Several years of unconscionable exploitation of crude oil
with no concomitant sustainability and ethical programmes
by the multinational oil companies had left most parts of
Niger Delta region ecologically degraded, with both fauna
and flora endangered, the land infertile, the rivers and
all in-dwelling lives poisoned and the people
impoverished. This, coupled with the Federal governments
infrastructural neglect of the area in spite of billions
of dollars realised every year from the oil exploitation,
constituted callous human rights abuse which inspired
Saro-Wiwa to activism.
Saro-Wiwas energies and passion for procuring
justice for his people were so remarkable that he became
the symbol of the struggles.

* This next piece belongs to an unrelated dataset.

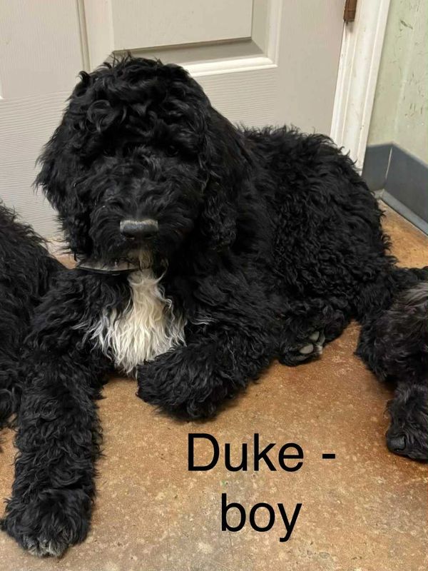 Duke is a f1bb goldendoodle. He has a black coat with a white on chest and white tipped toes. He is very sweet and loving. He loves being with his people. He is doing wonderful with his training.
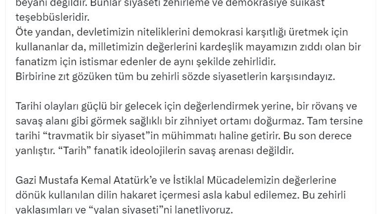 AK Parti Sözcüsü Ömer Çelik, sosyal medya hesabında yaptığı açıklamada, "Siyasi fikir ifade etmekle, siyaseti ve demokrasiyi zehirlemek aynı şey değildir. Devletimizin niteliklerine ve milletimizin değerlerine dönük saldırgan ve hakaretamiz söylem ve eylemler 'siyasi tartışma' ya da siyasi fikir beyanı değildir. Bunlar siyaseti zehirleme ve demokrasiye suikast teşebbüsleridir. Öte yandan, devletimizin niteliklerini demokrasi karşıtlığı üretmek için kullananlar da milletimizin değerlerini kardeşlik mayamızın zıddı olan bir fanatizm için istismar edenler de aynı şekilde zehirlidir. Birbirine zıt gözüken tüm bu zehirli sözde siyasetlerin karşısındayız. Tarihi olayları güçlü bir gelecek için değerlendirmek yerine, bir rövanş ve savaş alanı gibi görmek sağlıklı bir zihniyet ortamı doğurmaz. Tam tersine tarihi travmatik bir siyasetin mühimmatı haline getirir. Bu son derece yanlıştır. Tarih, fanatik ideolojilerin savaş arenası değildir. Gazi Mustafa Kemal Atatürk’e ve İstiklal Mücadelemizin değerlerine dönük kullanılan dilin hakaret içermesi asla kabul edilemez. Bu zehirli yaklaşımları ve yalan siyasetini lanetliyoruz" dedi.

His philosophy of non-violent
struggles found parallelism in the ideology of the late
popular African-American activist, Martin Luther King,
and he was adored by many for this.
Saro-Wiwa was a total fighter who believed in using all
his God-given abilities to propagate, protect and promote
a cause. You would see him writing, speaking, tutoring,
campaigning, all in a bid to put across a message- that
Ogoni people, and indeed the people of Niger Delta
deserved to be protected against the broadside of mans
inhumanity to man borne out of sheer economic greed.
In propagating his single-themed survivalist crusade,
Saro-Wiwa travelled all over Nigeria and the world. He
sponsored documents of the abuses to the United Nations
as evinced in instruments like Ogoni Bill of Rights.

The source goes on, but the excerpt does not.